Question

Let $p\left(x\right)$ be any polynomial. When it is divided by $(x-19)$ and $(x-91)$, then the remainders are $91$ and $19$ respectively. The remainder, when $p\left(x\right)$ is divided by $(x-19)(x-91)$, is:

• A. $x-110$
• B. $110$
• C. $110-x$
• D. $4x+88$

Answer 1

The correct option is C $110-x$

This states that there are polynomials $q$ and $r$ such that

$p\left(x\right)=q\left(x\right)(x-19)+91$

and $p\left(x\right)=r\left(x\right)(x-91)+19$.

since $(x-19)(x-91)$ is second-degree, the remainder must be first-degree, i.e. $ax+b$.

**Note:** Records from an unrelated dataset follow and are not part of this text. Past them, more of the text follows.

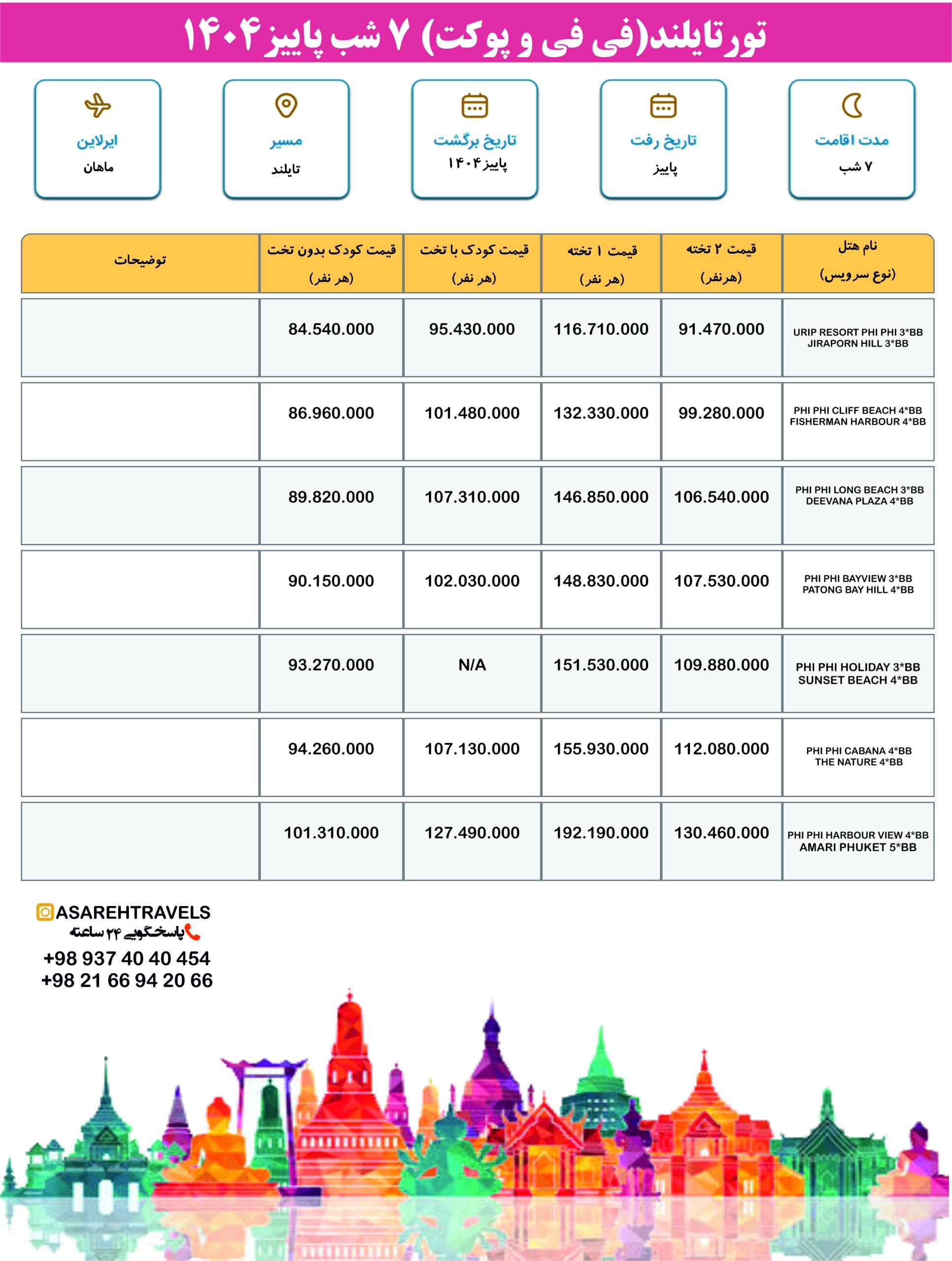 بررسی عوامل موثر بر قیمت تور پوکت فی فی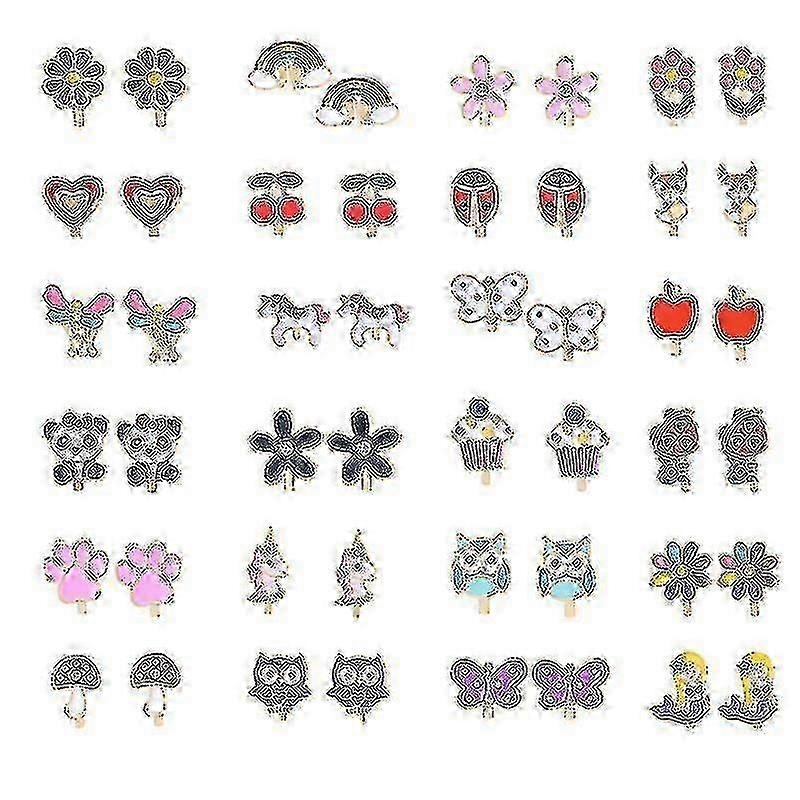 2025 24 Pairs Kids Clip On Earrings For Girls - Cute Animal Clipon Earrings Pack For Little Girls - Colorful Flower Clip-on Earrings Set For Teens Gir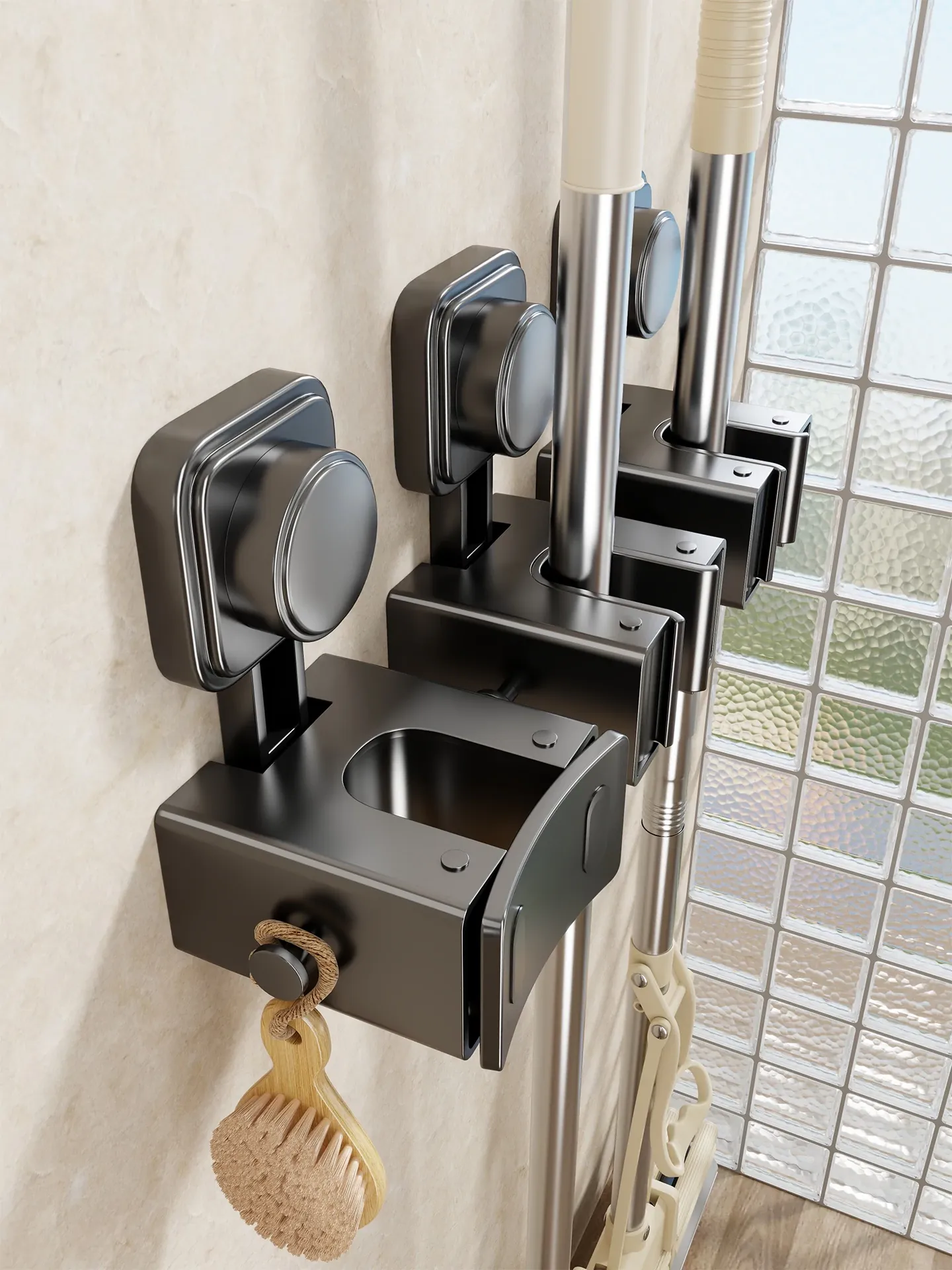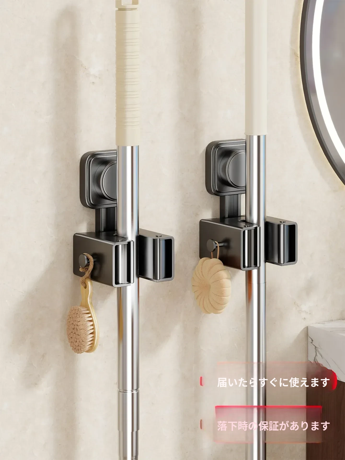 壁掛けモップホルダー - バスルームやトイレに最適!穴を開けずに簡単取り付け、吸盤でしっかり固定。すっきり収納で衛生的な空間を実現する便利アイテム!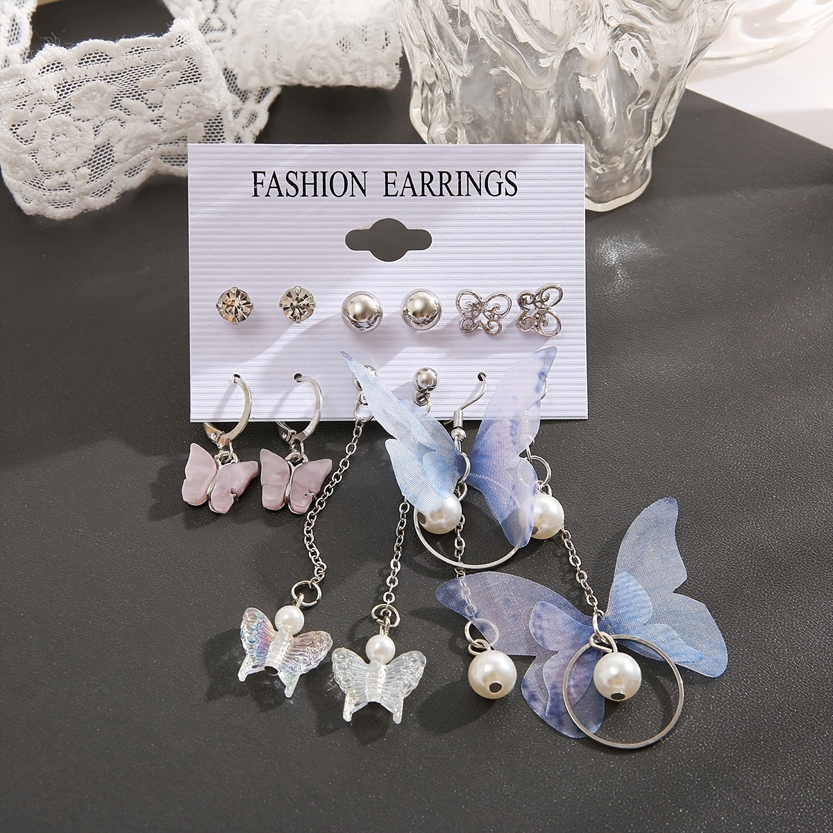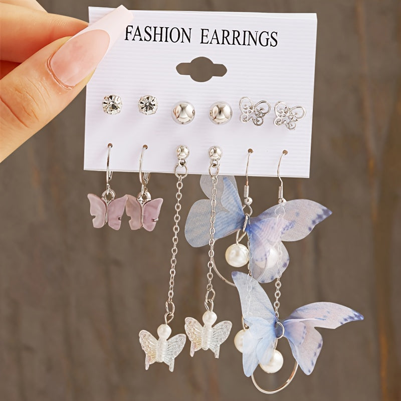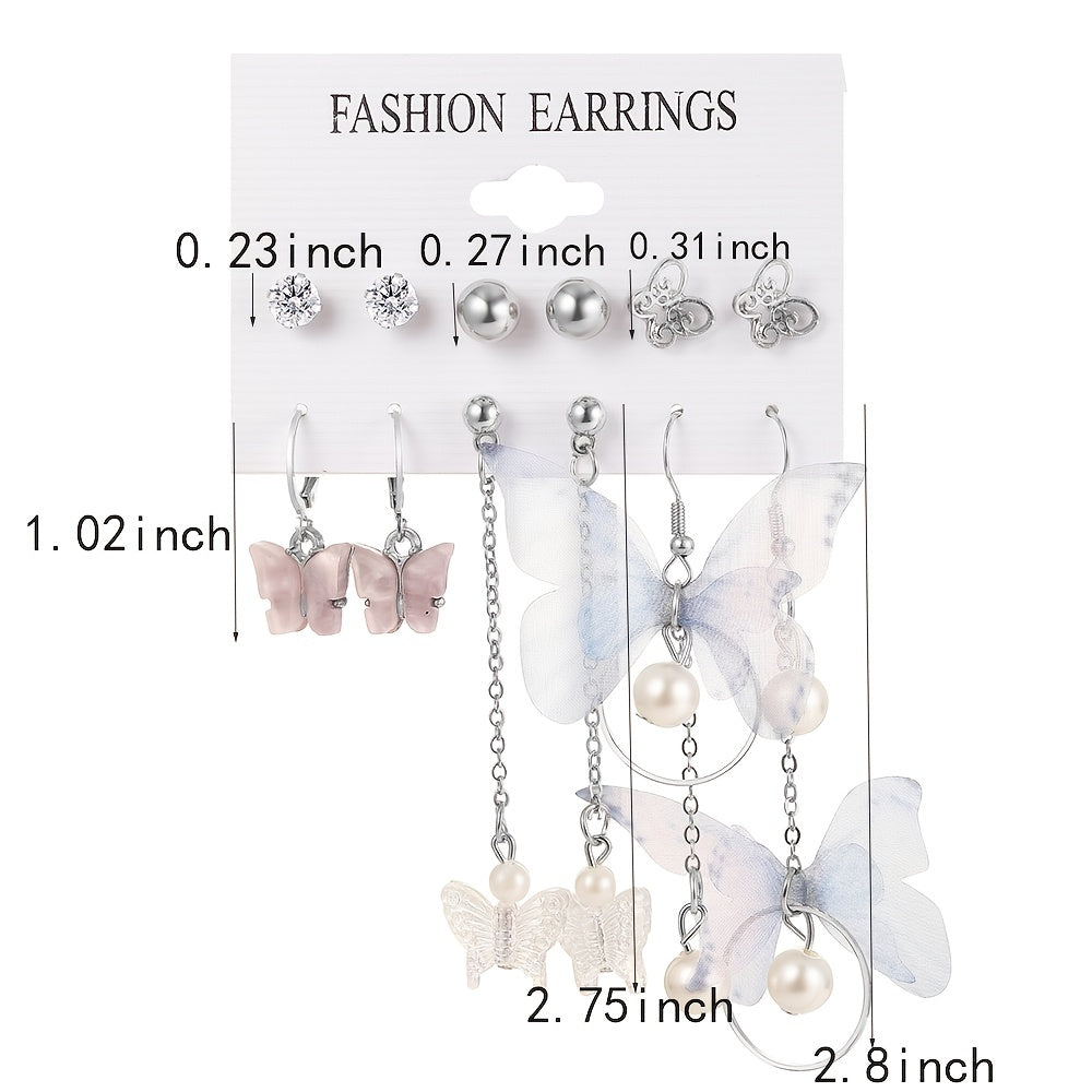 6Pairs Asymmetric Butterfly Faux Pearl Dangle Earrings Set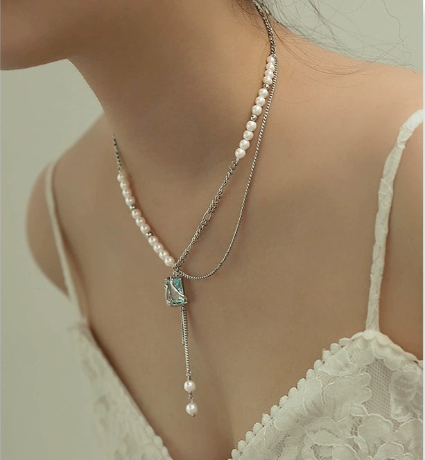 Blue glass series necklace female wholesale niche design new Chinese senior sense of fresh sweet cool wind collarbone chain jewelry

$p\left(x\right)=(x-19)(x-91)+ax+b$

Since $p\left(19\right)=q\left(19\right)(19-19)+91=91$ and

$p\left(19\right)=r\left(19\right)(19-19)+91=91$,

We have a system of equations

$19a+b=91$

$91a+b=19$

$\Rightarrow b=91-19a$ and $b=19-91a$ from above

$\Rightarrow 91-19a=19-91a\Rightarrow -72a=72$

$\therefore a=-1$

Substitute $a=-1$ in $19a+b=91$

$\Rightarrow 19\times -1+b=91$

$\therefore b=91+19=110$

Thus, we concluded that the remainder of $p\left(x\right)$ by $(x-19)(x-91)$ is equal to $-x+110$ or $110-x$.